À espera de subir de divisão

Quando apresentámos a PlayStation 4 em Novembro do ano passado, pensámos que o facto de ter um jogo de corridas como oferta inicial, seria um dos trunfos da entrada da nova consola da Sony no mercado português. Com os sucessivos adiamentos de Driveclub, esse lugar foi ocupado por um jogo 3D de naves espaciais chamado Resogun.

Em Janeiro deste ano testámos a versão alpha do jogo no The Playce para rapidamente ser adiado para Julho e depois para Outubro. Apesar de termos ficado com o pé atrás, tinhamos achado que graficamente Driveclub seguia no caminho certo, e a verdade é que nesse sentido chegou a bom porto, até posso arriscar que estará no pódio. Faltou o resto…

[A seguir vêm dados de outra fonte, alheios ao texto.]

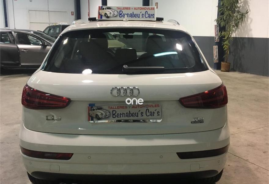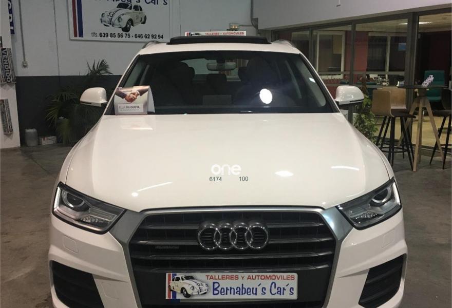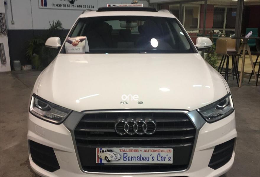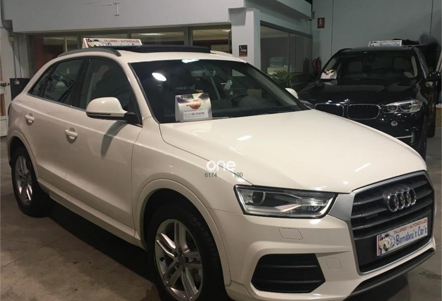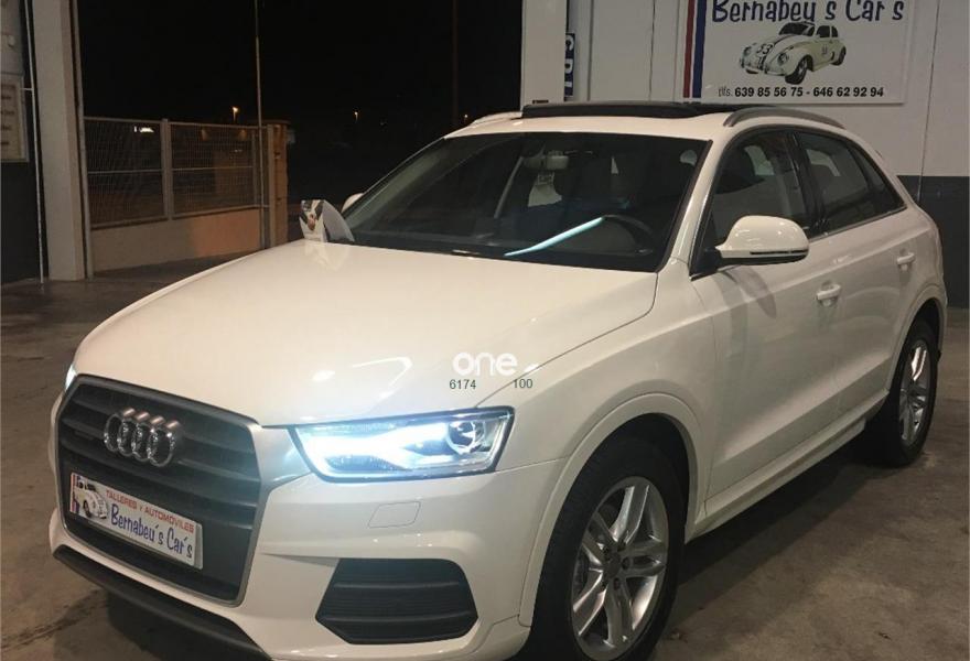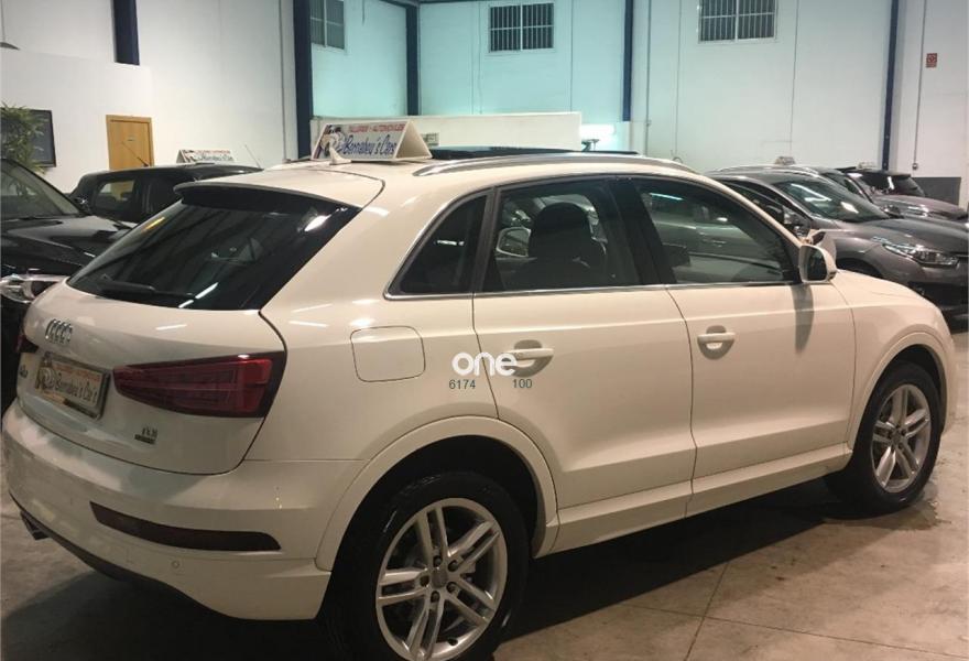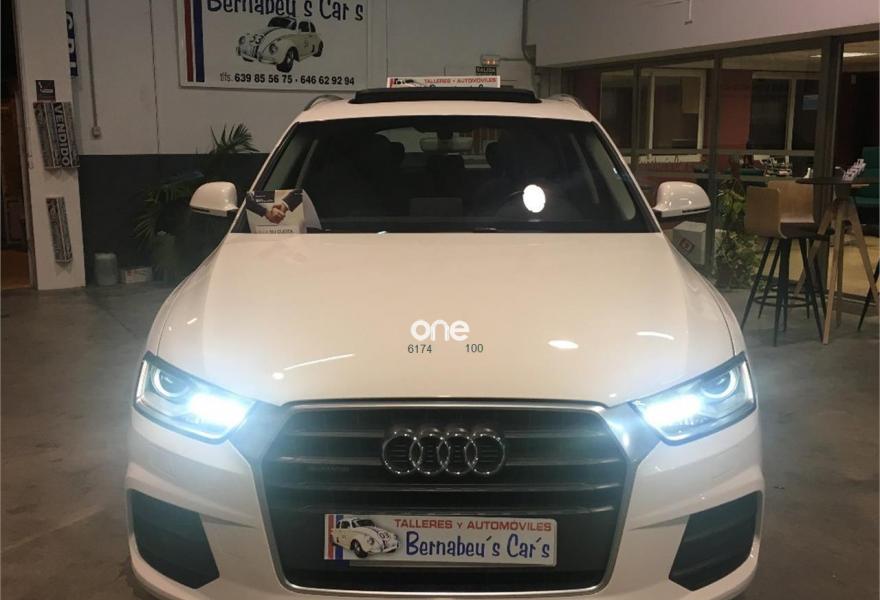 AUDI Q3, Diesel, año 2016, 89000 kilómetros, color Blanco metalizado, precio 26990€. Paquete Black Line,Asiento del conductor con regulación eléctrica,Asientos delanteros con regulación eléctrica,Audi music interface,MMI navegacion plus 3G,Faros inteligentes "smart beam",Faros de LED,Instalación manos libres (Bluetooth) para teléfono móvil,Lámina adhesiva quattro,Lavafaros,Paquete deportivo S line,Paquete exterior S line,Techo panorámico de cristal,Tarjeta SD,Tela Energy Negro,Pintura metalizada,Asistente de aparcamiento park assist,Audi parking system plus,Retrovisor interior con regulación antideslumbramiento automática. "ESPECTACULAR SUV"

Quando falámos com Ben Gouldstone, Senior Game Designer da Evolution Studios, o próprio afirmou que o menú dinâmico precisava de estar no ponto, que toda a componente social precisava de estar apurada e instantânea para uma melhor experiência. E verdade seja dita a fluidez com que nos podemos integrar nos desafios propostos por outros jogadores na comunidade é surpreendente, mas o problema reside no seu core.

É que assim que pegamos em Driveclub, somos literalmente atirados para uma primeira corrida, sem saber muito bem porquê e para quê, apenas sabemos que temos que chegar aos 3 primeiros. Ao completarmos esse objectivo outras tantas corridas e modos são apresentados num grupo de mosaicos, demasiado básicos e pouco orgânicos. A própria organização das corridas é um pouco pointless, isto porque temos objectivos em cada corrida ou evento, seja ficar nos 3 primeiros ou bater o recorde de velocidade de um trecho da pista, etc; mas no fundo apenas vamos ganhar “fame”, uma espécie de XP, para subir de nível e ganhar outro carro. Sim não ganhámos “dinheiro” para comprar o carro que queremos, seja por carolice ou por estilo de condução. Basicamente quem subir de nível mais depressa, mais depressa vai ganhar quen não fizer e por aí adiante. Até porque as opções de “tunagem” são tão poucas que a única diferença em níveis mais elevados é se tens o carro mais rápido ou não. É um pouco isto que senti ao jogar Driveclub.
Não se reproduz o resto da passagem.